# Instructions for the task
Under this line is a listing; return exactly the lines starting at the one with "centrato da un" and running down to the one with "天板:ポリエチレン(ラタン調) ガラス:強化5mm透明ガラス 脚部:スチール(粉体塗装)", and leave out its pictures.
--
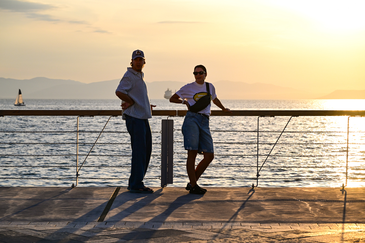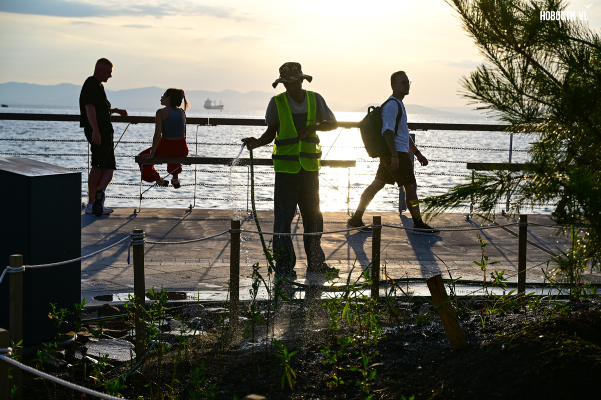 Кроме прочего, на набережной обновили ограждения, которые отделяют прогулочную зону от моря. Вместо глухих бетонных плит установили металлические цепочки и деревянные перила, и на закате набережная буквально сияет от солнца и бликов света на воде. Обновлённые ограждения почти невидимы и не перекрывают красивый вид на закатное море. Прогуливающиеся горожане останавливаются около них, делают фото на фоне заката, или напротив, на лавочках.
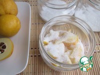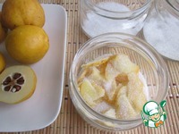 Постучать банкой и сахар равномерно распределится. Затем добавлять, чередуя, слои айвы японской и сахара. Сверху должен быть слой сахара. |
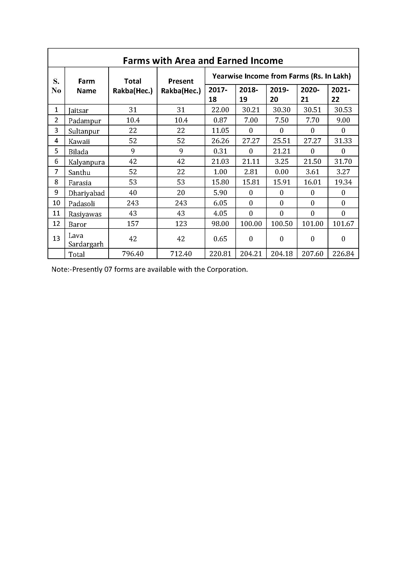 Corporation has earned Rs. 226.84 Lacs in Financial Year. 2021-22 from its farms Corporation previous Financial Year 2020-21 Corporation has earned Rs. 207.60 Lacs from its Farm. Corporation Continuously Working hard to Increase Production and profitability in this sector.
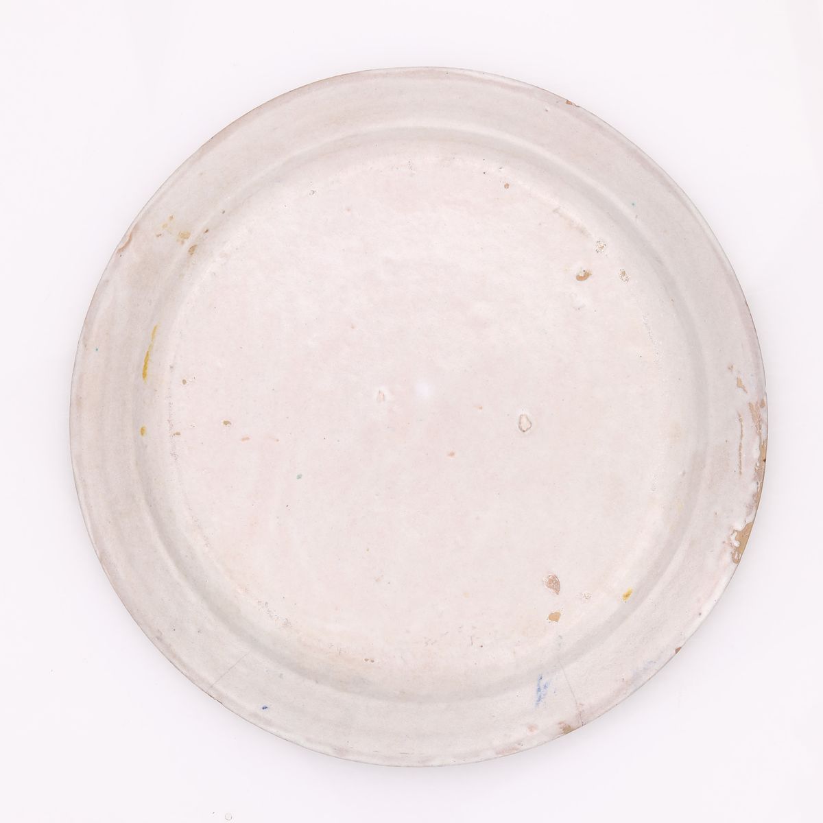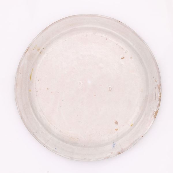 centrato da un pesce blu e giallo; tesa a bande gialle e manganese. Lievi cadute di smalto
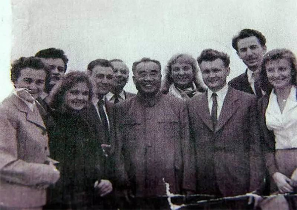 Salal (2o à direita) com os seus colegas naquela que era na altura a embaixada checoslovaca na China com Zhu De.
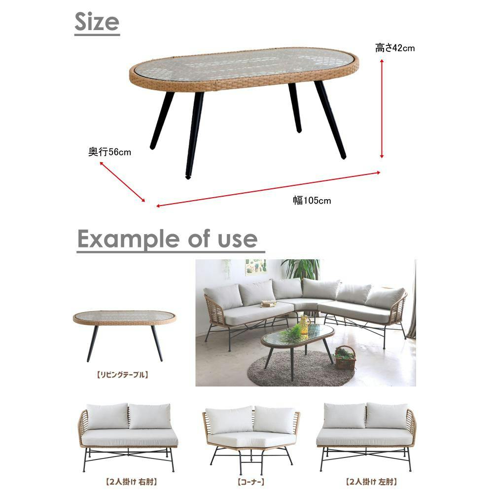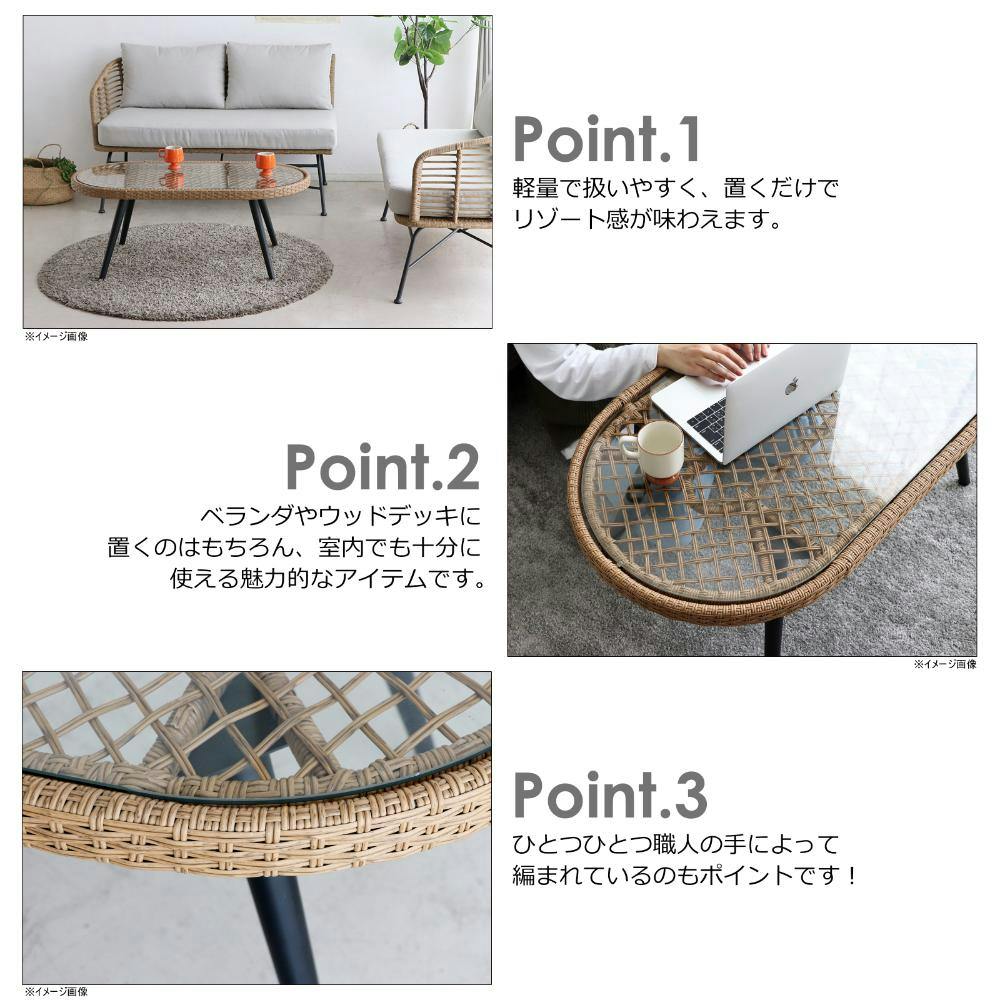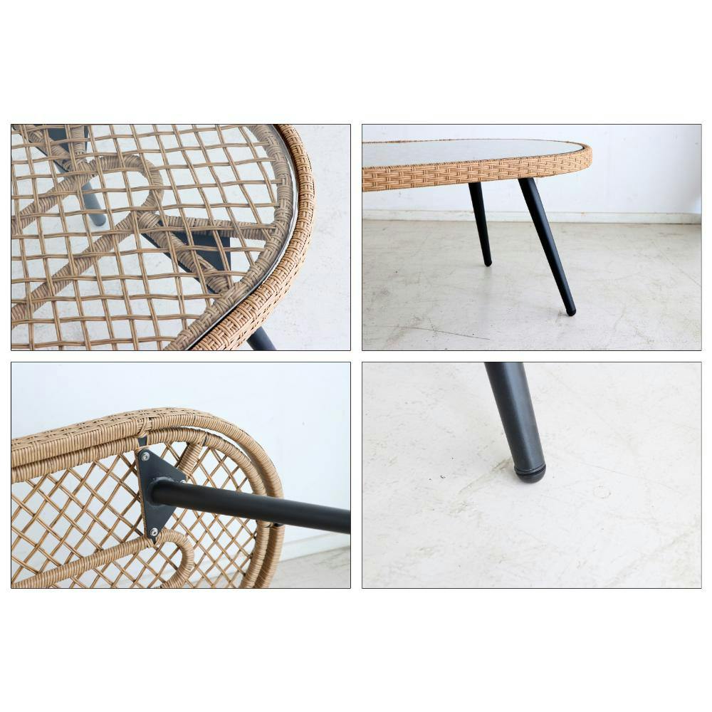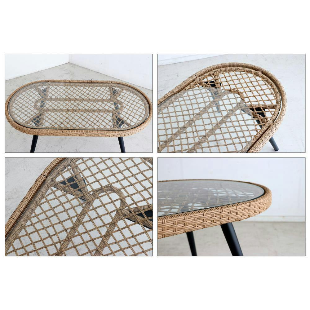 天板:ポリエチレン(ラタン調) ガラス:強化5mm透明ガラス 脚部:スチール(粉体塗装) 原産国:中国
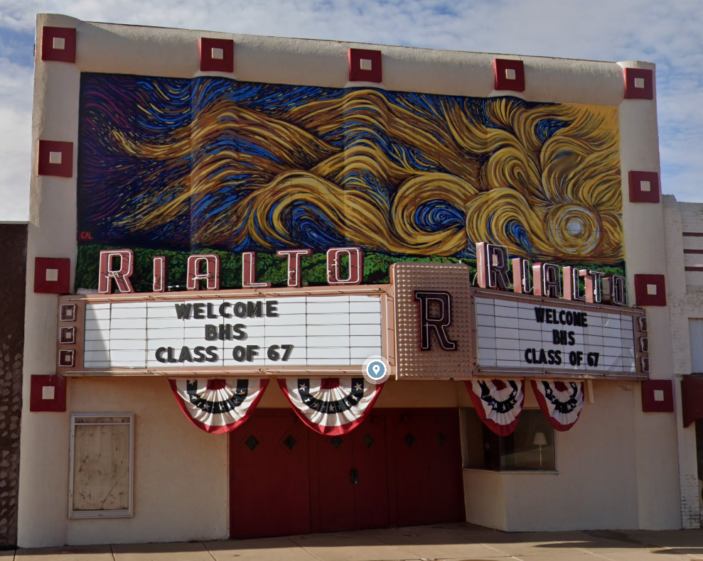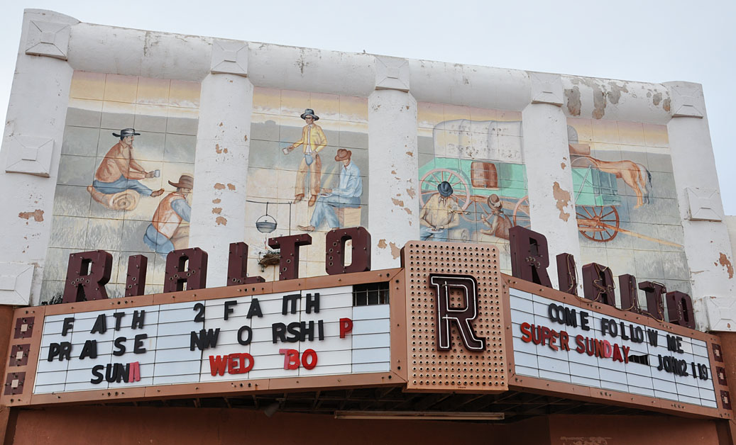 The Rialto Theatre in Brownfield, TX had a faded but nice Western campfire scene above the marquee:
--
# Result of the task
 centrato da un pesce blu e giallo; tesa a bande gialle e manganese. Lievi cadute di smalto
 Salal (2o à direita) com os seus colegas naquela que era na altura a embaixada checoslovaca na China com Zhu De.
 天板:ポリエチレン(ラタン調) ガラス:強化5mm透明ガラス 脚部:スチール(粉体塗装) 原産国:中国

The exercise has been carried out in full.